Johnson used to come out to address the nation in front of a measly pair of flags, and Labour’s plans to include more flags in its messaging were leaked earlier this year. It seems inevitable, therefore, that we’re going to end up in a union jack arms race and that there will be nothing but a roiling sea of flags on this stage before the year is out, with further great waves of flags pressing in at the doors, and a flag sat in each seat solemnly waving a smaller flag.

Even leaving aside the very “nothing to see here” vibes coming off the fact that a Russian company distantly linked to Moscow’s state-controlled broadcasters installed the tech and communications equipment, there’s more to this room than meets the eye.

These new live daily briefings are intended to make the Tories look more modern and in touch with the people, as well as more American. The new room expresses these desires in a visual language.
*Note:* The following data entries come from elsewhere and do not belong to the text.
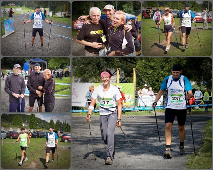 Po dojechaniu na miejsce powędrowaliśmy do biura zawodów, by potwierdzić obecność i odebrać pakiety startowe… Ludzi było sporo i wtedy Darkowi nieco wymiękły nogi i prysły o starcie zamysły… ;))) Ja z Marysią byliśmy konsekwentni i nie wymiękliśmy ;) Próbowaliśmy Darka przekonać, ale ten szedł w zaparte… będę robił zdjęcia, odrzekł… Okey, nic na siłę… Na oba dystanse miałem wystartować tylko ja, więc powoli musiałem się przygotowywać do swojego debiutu… W międzyczasie tak komplementowaliśmy z Marysią te całe ”kijkowanie”, że nawet Dario ponownie zaczynał nabierać ochoty… przełamał się, i pognał do biura raz jeszcze, zapisać się… bodajże jako ostatni na minuty przed ostatecznym zamknięciem zapisów… ;) Eeeech… cośmy się uśmiali… ;)))
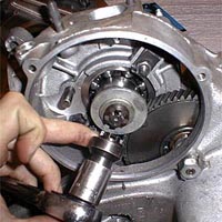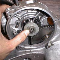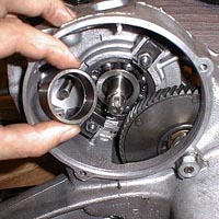 This section assumes that you have already split the casings and removed the old crankshaft from the main bearing. These pictures are all from a P200E engine and older models have a different bearing set up.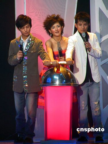 7月30日晚,陪伴中國觀眾走過8年歲月的娛樂節目《快樂大本營》進行了改版晚會,快樂主持群何炅(左)、李維嘉(右)、謝娜進行了一場告別演唱會。在接下來的一個月里,他們將通過觀眾短信票選來決定誰能繼續留任。圖為快樂主持群一起開通短信支持通道。作者:鄧霞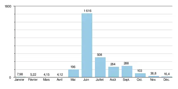 Le débit moyen mensuel observé en avril (minimum d'étiage) est de 4,12 m3/s, soit à peine 0,25 % du débit moyen du mois de juin (1 616 m3/s), ce qui illustre l'amplitude extrêmement élevée des variations saisonnières. Sur la période d'observation de 47 ans, le débit mensuel minimal a été de 0,27 m3/s en , tandis que le débit mensuel maximal s'est élevé à 2 440 m3/s en , plus que le débit moyen du Rhin en fin de parcours.
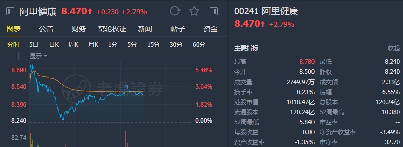 智通财经APP获悉,中金公司发布报告称,阿里健康(00241)1H20业绩显示营业收入41.17亿元,同比增长119.1%。净亏损762.9万元,调整后净利1.39亿元,盈利能力明显提升;经营性净现金流4.76亿元,业绩超该行预期,主要是新零售型业务增长超预期。该行表示,维持其“跑赢行业”评级,上调目标价8%至10.9港元。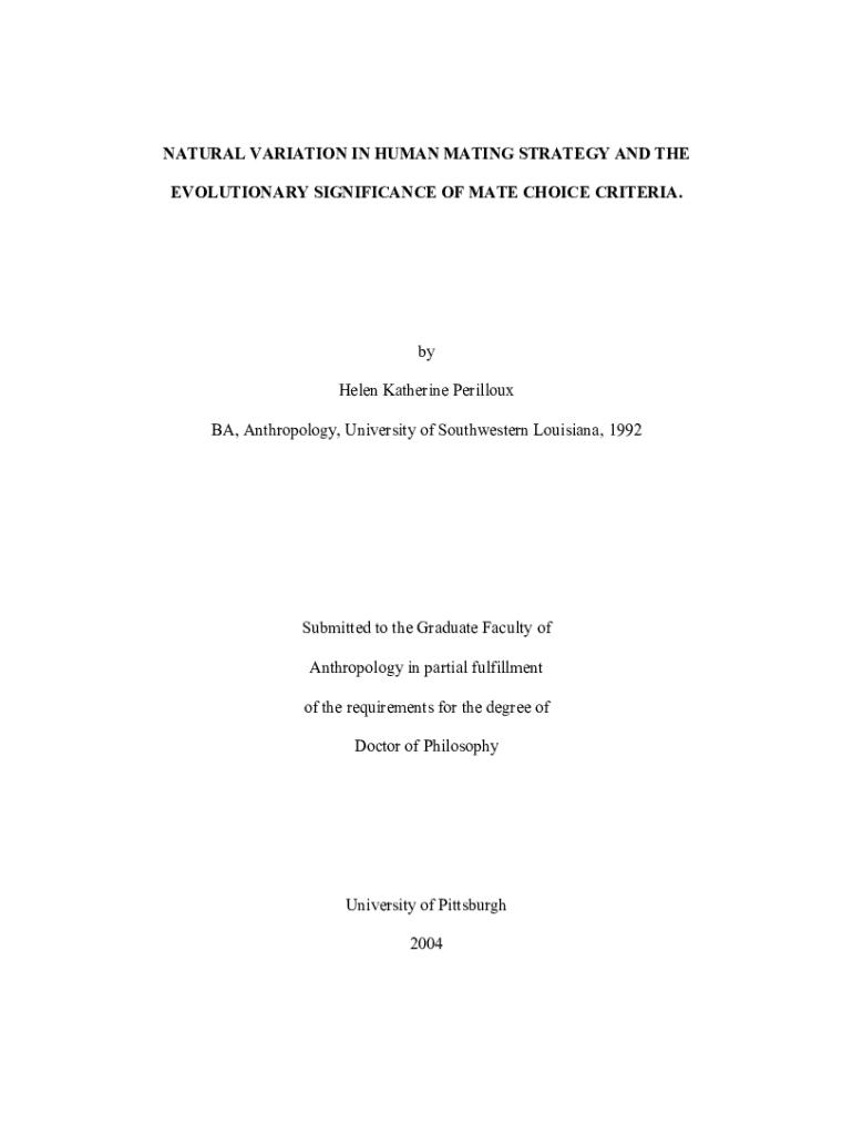 Get the free natural variation in human mating strategy and the - d-scholarship pitt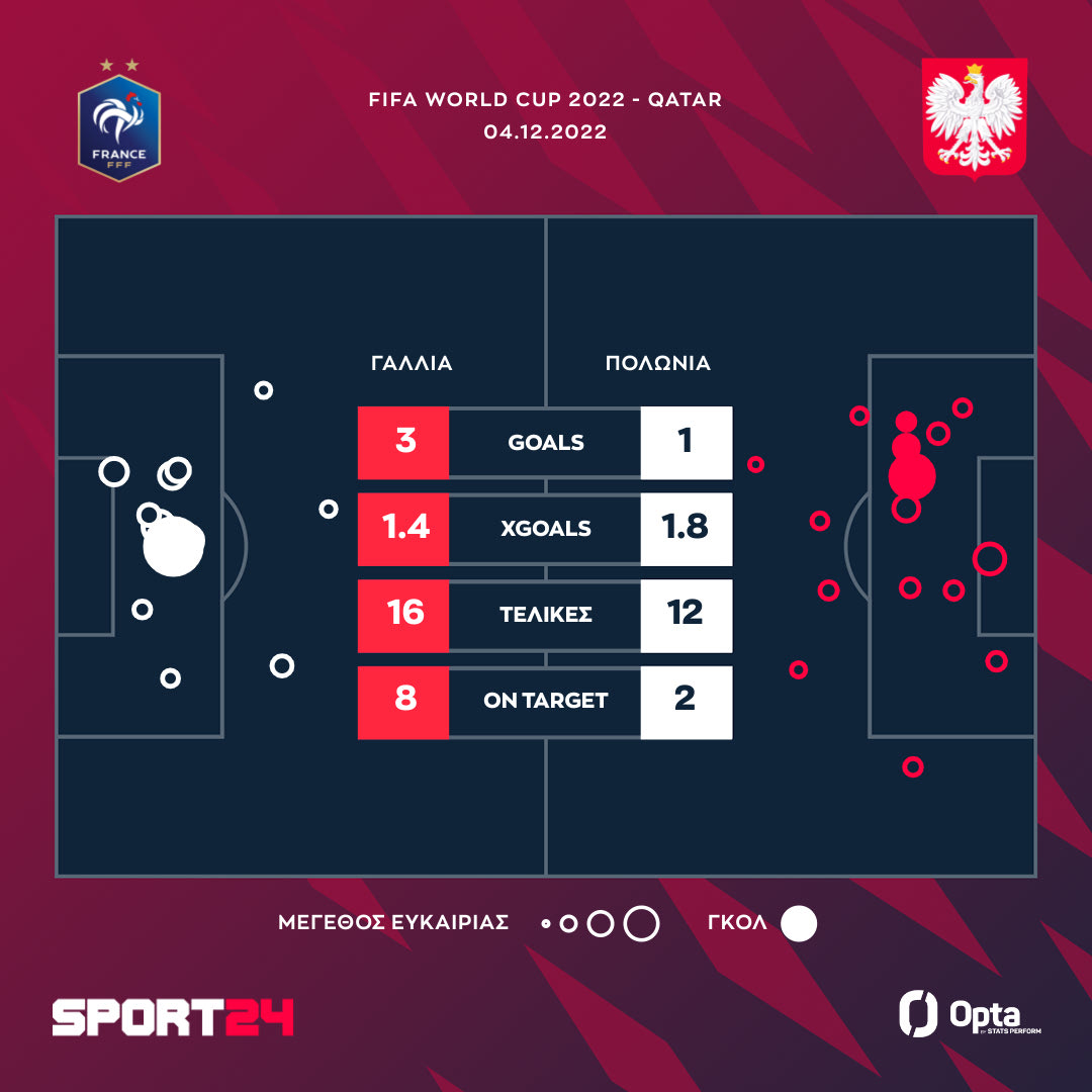Η παγκόσμια πρωταθλήτρια είναι εδώ και σε δαιμονιώδη κατάσταση! Η Πολωνία πραγματοποίησε αρκετά καλή εμφάνιση, την καλύτερη ως τώρα για εκείνη στα γήπεδα του Κατάρ, όμως δεν ήταν επαρκής για να σταματήσει την Γαλλία, με τους μπλε του Ντιντιέ Ντεσάμπ να είναι απολαυστικοί και να θριαμβεύουν με 3-1, για να πάρουν πανάξια το εισιτήριο για τους 8 του Μουντιάλ.

The US has televised its daily presidential press briefings since 1995, in a room that looks a lot like this one – a blue backdrop, though only one flag it seems – and Johnson’s desire to emulate it partly reflects the Tory desire to distance the UK from Europe and cosy up to America instead.

And like in America, televising daily briefings can be done under the guise of “transparency” when in fact it offers the government a more direct way of steering the news agenda. At the moment, there are twice daily, off-camera, on-record briefings for the press each day at Downing Street, where they can question the prime minister’s official spokesperson, a civil servant. With the new live briefings, the government will be able to speak more directly to the people. It’s a way to cut out the middle men of the media, even if they’re still there sitting in those conference room chairs as handy props in the government’s TV output.

Rather than being open to questioning, this government has a history of not being transparent. There was the incident in February last year when Downing Street banned reporters from certain media outlets from attending a briefing on trade negotiations with the EU. Johnson repeatedly dodged interviews in the run-up to the 2019 election, and its press office changed its name on Twitter to the phoney “factcheckUK” during a leaders’ debate. The Today programme, GMB, Channel 4 News and Newsnight have all been frozen out at different points by government ministers.

This ugly room represents an uglier reality, then: the government PR machine is trying to find a way to make the Tories seem approachable and open, while actually tightening their control of the political narrative.